--- START ---

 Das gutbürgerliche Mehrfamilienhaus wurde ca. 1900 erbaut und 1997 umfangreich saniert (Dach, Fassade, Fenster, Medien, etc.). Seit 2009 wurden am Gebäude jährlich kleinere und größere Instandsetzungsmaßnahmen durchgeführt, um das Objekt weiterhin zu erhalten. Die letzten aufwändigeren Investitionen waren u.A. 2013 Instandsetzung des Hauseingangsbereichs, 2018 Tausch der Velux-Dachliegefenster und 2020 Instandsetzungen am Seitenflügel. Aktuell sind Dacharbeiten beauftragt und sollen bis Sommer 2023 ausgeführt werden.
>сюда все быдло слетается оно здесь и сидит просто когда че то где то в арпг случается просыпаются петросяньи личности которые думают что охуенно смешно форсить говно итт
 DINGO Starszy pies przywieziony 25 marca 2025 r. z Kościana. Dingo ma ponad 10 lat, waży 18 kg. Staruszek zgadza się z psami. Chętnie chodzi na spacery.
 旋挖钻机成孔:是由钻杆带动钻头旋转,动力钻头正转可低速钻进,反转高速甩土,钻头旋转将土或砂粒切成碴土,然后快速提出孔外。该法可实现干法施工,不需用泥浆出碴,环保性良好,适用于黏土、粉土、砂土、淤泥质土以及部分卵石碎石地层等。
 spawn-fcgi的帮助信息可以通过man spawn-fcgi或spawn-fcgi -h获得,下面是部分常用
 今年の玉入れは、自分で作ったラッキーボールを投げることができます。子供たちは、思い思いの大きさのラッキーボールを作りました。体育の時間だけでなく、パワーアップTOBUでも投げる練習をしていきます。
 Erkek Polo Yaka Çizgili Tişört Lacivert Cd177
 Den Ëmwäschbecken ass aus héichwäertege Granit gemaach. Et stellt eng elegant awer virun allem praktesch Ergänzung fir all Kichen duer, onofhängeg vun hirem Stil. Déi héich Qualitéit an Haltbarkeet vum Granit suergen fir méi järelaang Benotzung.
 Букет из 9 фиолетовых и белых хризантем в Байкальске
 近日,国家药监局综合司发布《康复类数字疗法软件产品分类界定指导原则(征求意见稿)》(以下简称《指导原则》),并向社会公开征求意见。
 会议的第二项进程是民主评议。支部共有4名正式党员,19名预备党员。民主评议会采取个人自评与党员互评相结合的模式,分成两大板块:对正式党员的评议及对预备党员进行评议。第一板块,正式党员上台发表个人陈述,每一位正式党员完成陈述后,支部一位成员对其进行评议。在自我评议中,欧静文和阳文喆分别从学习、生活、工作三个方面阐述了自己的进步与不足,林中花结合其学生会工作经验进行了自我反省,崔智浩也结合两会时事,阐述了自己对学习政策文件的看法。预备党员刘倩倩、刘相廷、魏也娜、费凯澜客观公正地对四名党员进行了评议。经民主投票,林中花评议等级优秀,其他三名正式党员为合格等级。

--- END ---

=== Task directions ===
The answer must be the full data, repeated word for word.

=== Response for this exercise ===
 Das gutbürgerliche Mehrfamilienhaus wurde ca. 1900 erbaut und 1997 umfangreich saniert (Dach, Fassade, Fenster, Medien, etc.). Seit 2009 wurden am Gebäude jährlich kleinere und größere Instandsetzungsmaßnahmen durchgeführt, um das Objekt weiterhin zu erhalten. Die letzten aufwändigeren Investitionen waren u.A. 2013 Instandsetzung des Hauseingangsbereichs, 2018 Tausch der Velux-Dachliegefenster und 2020 Instandsetzungen am Seitenflügel. Aktuell sind Dacharbeiten beauftragt und sollen bis Sommer 2023 ausgeführt werden.
>сюда все быдло слетается оно здесь и сидит просто когда че то где то в арпг случается просыпаются петросяньи личности которые думают что охуенно смешно форсить говно итт
 DINGO Starszy pies przywieziony 25 marca 2025 r. z Kościana. Dingo ma ponad 10 lat, waży 18 kg. Staruszek zgadza się z psami. Chętnie chodzi na spacery.
 旋挖钻机成孔:是由钻杆带动钻头旋转,动力钻头正转可低速钻进,反转高速甩土,钻头旋转将土或砂粒切成碴土,然后快速提出孔外。该法可实现干法施工,不需用泥浆出碴,环保性良好,适用于黏土、粉土、砂土、淤泥质土以及部分卵石碎石地层等。
 spawn-fcgi的帮助信息可以通过man spawn-fcgi或spawn-fcgi -h获得,下面是部分常用
 今年の玉入れは、自分で作ったラッキーボールを投げることができます。子供たちは、思い思いの大きさのラッキーボールを作りました。体育の時間だけでなく、パワーアップTOBUでも投げる練習をしていきます。
 Erkek Polo Yaka Çizgili Tişört Lacivert Cd177
 Den Ëmwäschbecken ass aus héichwäertege Granit gemaach. Et stellt eng elegant awer virun allem praktesch Ergänzung fir all Kichen duer, onofhängeg vun hirem Stil. Déi héich Qualitéit an Haltbarkeet vum Granit suergen fir méi järelaang Benotzung.
 Букет из 9 фиолетовых и белых хризантем в Байкальске
 近日,国家药监局综合司发布《康复类数字疗法软件产品分类界定指导原则(征求意见稿)》(以下简称《指导原则》),并向社会公开征求意见。
 会议的第二项进程是民主评议。支部共有4名正式党员,19名预备党员。民主评议会采取个人自评与党员互评相结合的模式,分成两大板块:对正式党员的评议及对预备党员进行评议。第一板块,正式党员上台发表个人陈述,每一位正式党员完成陈述后,支部一位成员对其进行评议。在自我评议中,欧静文和阳文喆分别从学习、生活、工作三个方面阐述了自己的进步与不足,林中花结合其学生会工作经验进行了自我反省,崔智浩也结合两会时事,阐述了自己对学习政策文件的看法。预备党员刘倩倩、刘相廷、魏也娜、费凯澜客观公正地对四名党员进行了评议。经民主投票,林中花评议等级优秀,其他三名正式党员为合格等级。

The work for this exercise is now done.